It's well after regular working hours in the Bonn offices of Deutsche Bundespost Telekom, Germany's telephone monopoly. But Hans Huber, executive director of telephone services for business customers, is still poring over analyses of his future competitors. Huber, a Digital Equipment Corp. veteran, has scored big successes selling such new Telekom services as toll-free numbers. But he knows that with complete deregulation approaching, his gains could evaporate. "The market is changing so quickly, if we don't move fast we will be killed," Huber says.

That lesson is slowly sinking in at the giant state-owned utility. Telekom is already being challenged in liberalized areas: British Telecommunications PLC is peddling international service to Germans, and Mannesmann and Thyssen want to dominate the cellular-phone market.

More changes are coming. This month, the government will name the investment banks to oversee Telekom's privatization--Europe's most ambitious--which begins in 1996 with a share offering worth up to $12 billion. The European Union will also soon decide when other companies can install phone cable of their own in Germany. And in 1998, Telekom's monopoly on local voice services will end.

Telekom's top executives swear they'll be ready for the free market. "We're well into making a 180-degree turn," says management board member Carl-Friedrich Meissner, who was hired away from IBM by Telekom Chief Executive Helmut Ricke. The company's strategy is to go all-out to improve the core telephone business, where a friendlier Telekom could really capitalize on its market dominance. It is also moving into such new businesses as multimedia.
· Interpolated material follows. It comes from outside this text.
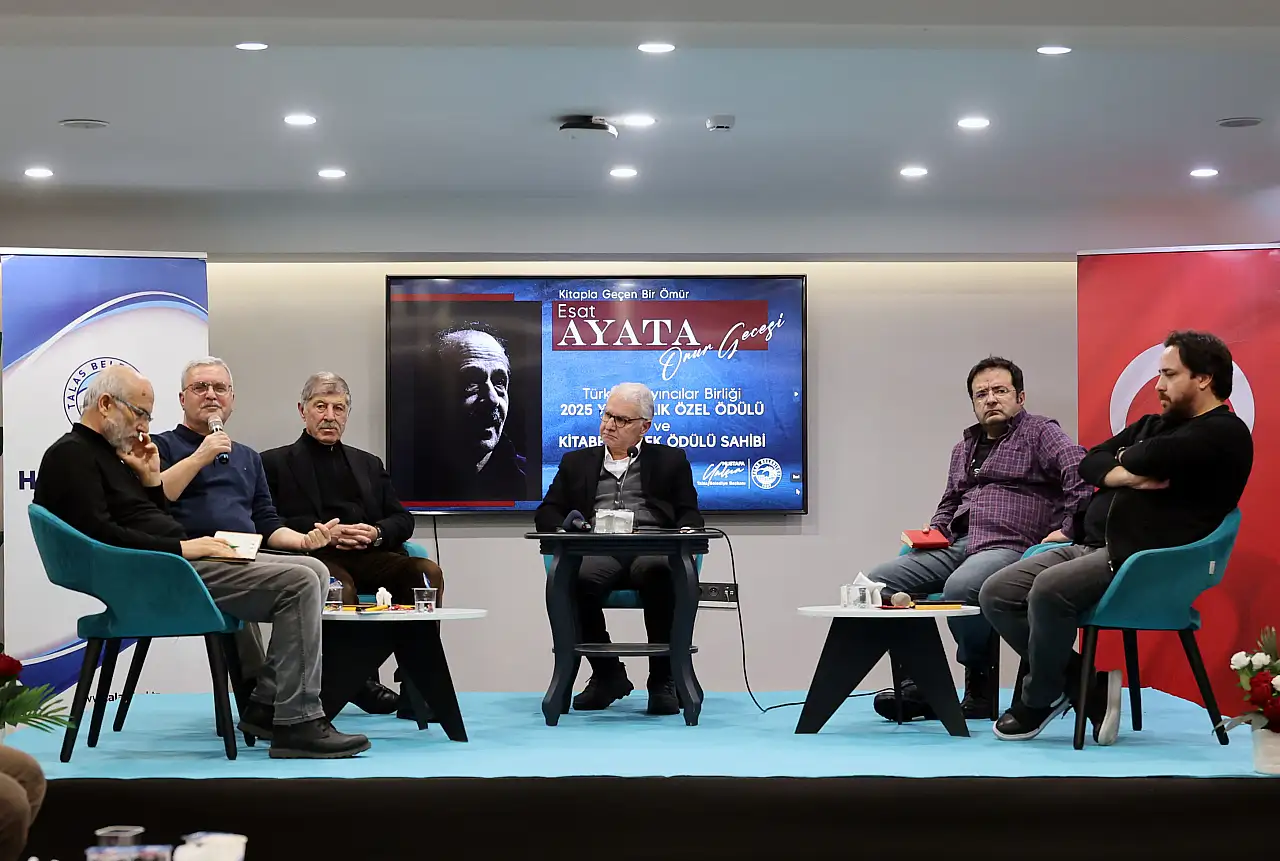 Talas Belediye Başkanı Mustafa Yalçın, Kayseri'de kitap denince akla gelen ilk isimlerden biri olan Akabe Kitabevi sahibi Esat Ayata onuruna anlamlı bir gece düzenledi. 'Kitapla Geçen Bir Ömür' temasıyla gerçekleştirilen program, edebiyat dünyasını ve kitapseverleri bir araya getirdi. Detaylar haberimizde...

CIVIL SERVANTS. Yet investors who expect a completely transformed Telekom to emerge by 1996 may be in for a surprise. Even a privatized Telekom will continue to suffer from the legacies of public administration. According to German law, some 50% of its 230,000 employees are civil servants who cannot be fired, and seniority guarantees jobs for an additional 20%. Telekom is negotiating with unions over early-retirement packages but is firing no one. That contrasts with now-privatized British Telecom, which has laid off 30% of its workforce, and Finnish Telekom, which plans a 40% reduction. Gerd Wittkemper, a telecom consultant with Booz, Allen & Hamilton Inc., figures that Telekom, whose sales will top $41 billion this year, should cut its staff by up to 40%.

There are other burdens. The cost of modernizing eastern Germany's phone system has helped boost Telekom's debt to $75 billion. That's perilously high for a capital-intensive business.
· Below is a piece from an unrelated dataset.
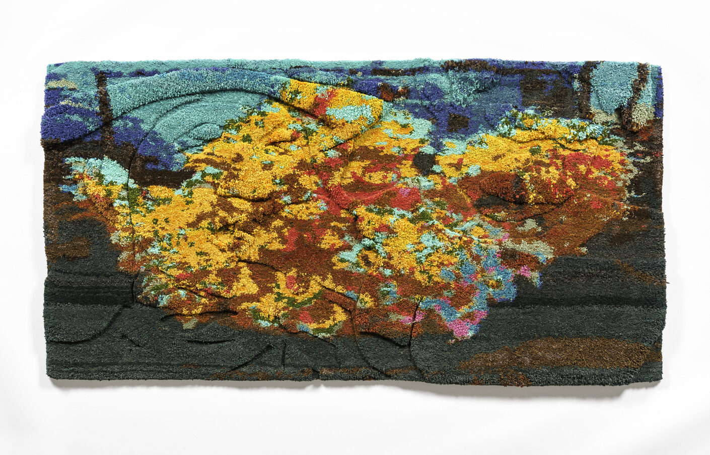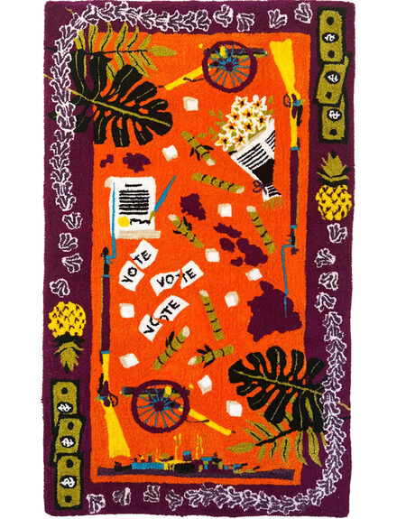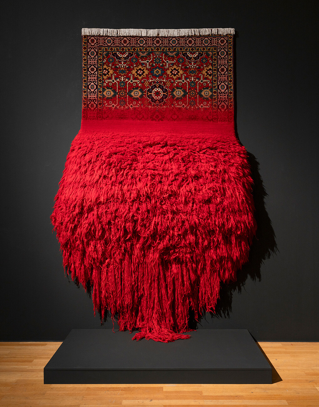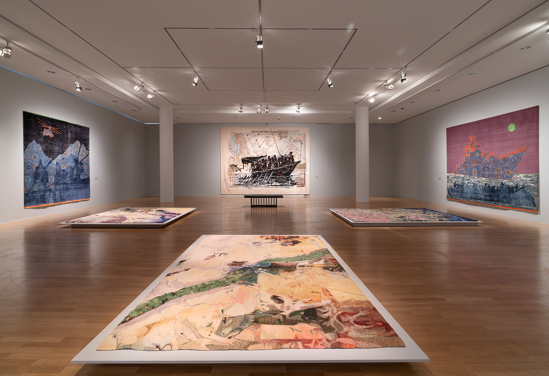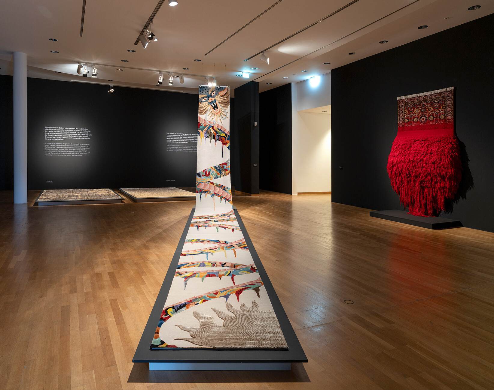 Curator Dr. Katharina Weiler has compiled works for Wool. Silk. Resistance. that offer numerous perspectives, both in terms of craftsmanship and theme. Traditional techniques such as knotting, weaving, and tufting are combined with modern technology to create rugs whose motifs are directed against traditionalism, discrimination and racism, environmental destruction, sexual abuse, and political power structures. The creators question the hierarchies of our societies and arts, strive for self-empowerment, and create powerful images that stand in stark contrast to the soft material of the textiles from which they are made. The dissolution of boundaries extends to formal expression: the familiar flatness of the rug sometimes grows into a three-dimensional sculpture, literally spilling into the room or traversing it in a long track. Exhibits also serve as a canvas for video projection and, equipped with a ceiling mirror, as a walk-in, multisensory experience.

While a complete makeover hardly seems imminent, there are some encouraging developments. A new data processing system will replace the paper records for all 40.7 million customers and allow itemized billing for the first time. As new products such as toll-free numbers proliferate and workers serve local customers better, business is picking up. From 1991 to 1995, sales per employee will have surged 50%, and CEO Ricke predicts that number will double by 2000. "We won't fire people, so we'll grow," says Hans-Willi Hefekauser, director of regulation and competition.
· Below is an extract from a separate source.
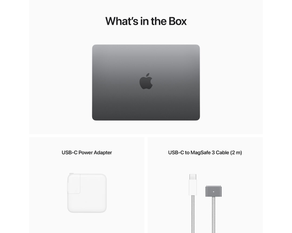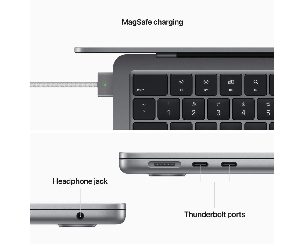 - Puertos: 1x Puerto Jack (Auriculares) – 2x USB-C Thunderbolt/USB – 1x Magsafe 3

Telekom is also responding to new rivals. Last winter, Gerhard Rist, telecommunications director at chemical giant BASF Group, switched his international calls to British Telecom, saving over $660,000 a year. Others started defecting. So Telekom fought back in February with its own "Ausland Spezial Plus," or Foreign Special, which offered volume discounts of up to 42%. It was a delayed reaction, but Rist gives Telekom points for trying and says he will consider the carrier when his BT contract is up. "I sense a culture of competition coming to Telekom," he says.

REBATES. The digital cellular market is another area where Telekom is fighting back despite a slow start. After the cellular market was opened in 1989, a rival consortium lead by Mannesmann kept Telekom's market share in the digital segment down to a third. So Telekom set up DeTeMobil--a separate unit symbolically located across the Rhine from Bonn headquarters and staffed with new, younger hires and Telekom volunteers. Market share is now up to 50%, users have quadrupled in two years, to 800,000, and the unit expects a profit by 1995. To share his leaner management style, Lothar Hunsel, the ex-Bertelsmann executive who heads cellular, may soon lend his most aggressive executives to the parent company.

Telekom also set up a unit in January to provide complete telecom solutions to its top 200 German clients. This corporate network business is potentially quite lucrative, and rivals are already at work, especially a new alliance between Deutsche Bank, Mannesmann, and RWE. Telekom's unit, DeTeSystem, is paying market-rate salaries, not a bureaucrat's scale, to get the most service-minded staff.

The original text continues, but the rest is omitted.